Taking into account as you @stapelberg mentioned that no-one cares on .proto files so is it really possible to make the very same described in 1. just having only compiled sources as bitbucket.org/lib-scope/go-mod-lib without raw proto definitions from github.com/definition-scope/raw-protos.git at all.

To summarize. As in basics it looks preatty clear the —proto_path idea so in practice is it really possible (intended) to run imports from the external repositories (.protos or compiled .go sources)

Thank you

Comment From: stapelberg

I recommend thinking about the workflow in terms of two separate, independent compilations: protoc compilation vs. Go compilation.

When you invoke protoc, it is your responsibility to arrange for all necessary .proto files to be present. protoc does not care about your repository structure, it only sees .proto files.

The go tool only deals with Go code, it does not know what .proto files are.

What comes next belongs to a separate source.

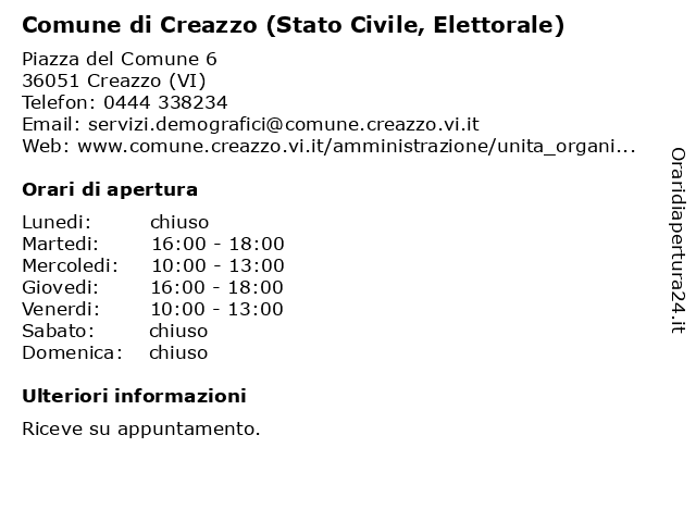 1 Comune di Creazzo (Stato Civile, Elettorale) (distanza: 0,00 km) Piazza del Comune 6, 36051 Creazzo (VI) (stato, civile, civile), comune, creazzo, elettorale), servizi, utente 2 Comune di Monteviale (Elettorale) (distanza: 3,56 km) Via A. Cibele 15, 36050 Monteviale (VI) (elettorale), comune, di, monteviale, servizi, utente 3 Comune di Vicenza (Ufficio Elettorale) (distanza: 4,55 km) Viale Torino 19, 36100 Vicenza (VI) (ufficio, comunale, comune, di, elettorale), servizi, vicenza 4 Comune di Caldogno (Elettorale ) (distanza: 9,11 km) Via Dante 75, 36030 Caldogno (VI) (elettorale, caldogno, comune, di, servizi, utente 5 Comune di Longare (Ufficio Elettorale) (distanza: 11,61 km) Via G.Marconi .26, 36026 Longare (ufficio, comunale, comune, di, elettorale), longare, nazionale, servizio, ufficio 6 Comune di Quinto Vicentino (Ufficio Elettorale e Leva) (distanza: 12,27 km) Piazza IV Novembre 2, 36050 Quinto Vicentino (VI) (elettorale, (ufficio, comune, di, elettorale, leva), quinto, servizi, utente, vicentino |

So, it is your responsibility to place the output of protoc (generated .pb.go code) in the correct place for the go tool to pick it up.

In Go, the typical way to run external code generator tools is to use go generate (see https://go.dev/blog/generate if you are unfamiliar).

For example, in this repository I’m running protoc via go generate: https://github.com/robustirc/robustirc/blob/64321cf1809f36db5c0c700dcb0ef73bb72bc9a4/internal/proto/generate.go#L5

Note that Go expects module authors to submit any generated code to the repository, so that module users don’t need to be able to re-generate the code. In the example above, you can see snapshot.pb.go submitted in the repository, and users of this code never need to do anything with snapshot.proto — in fact, I could delete snapshot.proto and the program would work the same.

So, from the Go module user perspective: Yes, importing generated protobuf code from another repository is totally possible.

But from the Go module author perspective: You are expected to supply all .go code files, and it’s up to you to structure this process.

So, specifically for your situation, here’s a strawman suggestion: maybe write a shell script that checks out all needed repos in the right way and runs protoc?

I hope this helps. If not, maybe ask around within your company for opinions on how to structure multi-repository build processes in your environment.

Comment From: kudla

So, from the Go module user perspective: Yes, importing generated protobuf code from another repository is totally possible.

Sure. Still my point was to import definition on a protofile level. Similar as we do with google.predefined.types

import "some/custom/lib"

message Definition {
     lib.Primitive property = 1;
}

For my self I ended up with linking proto definitions with git submodule directly to target go module which looks the most simple solution.

Anyway go generate you mentioned is quite interesting new tool I've discovered for my self. Thank you. Still it's not for my case as submodules looks more explicit here for me.

Thank you for sharing your vision.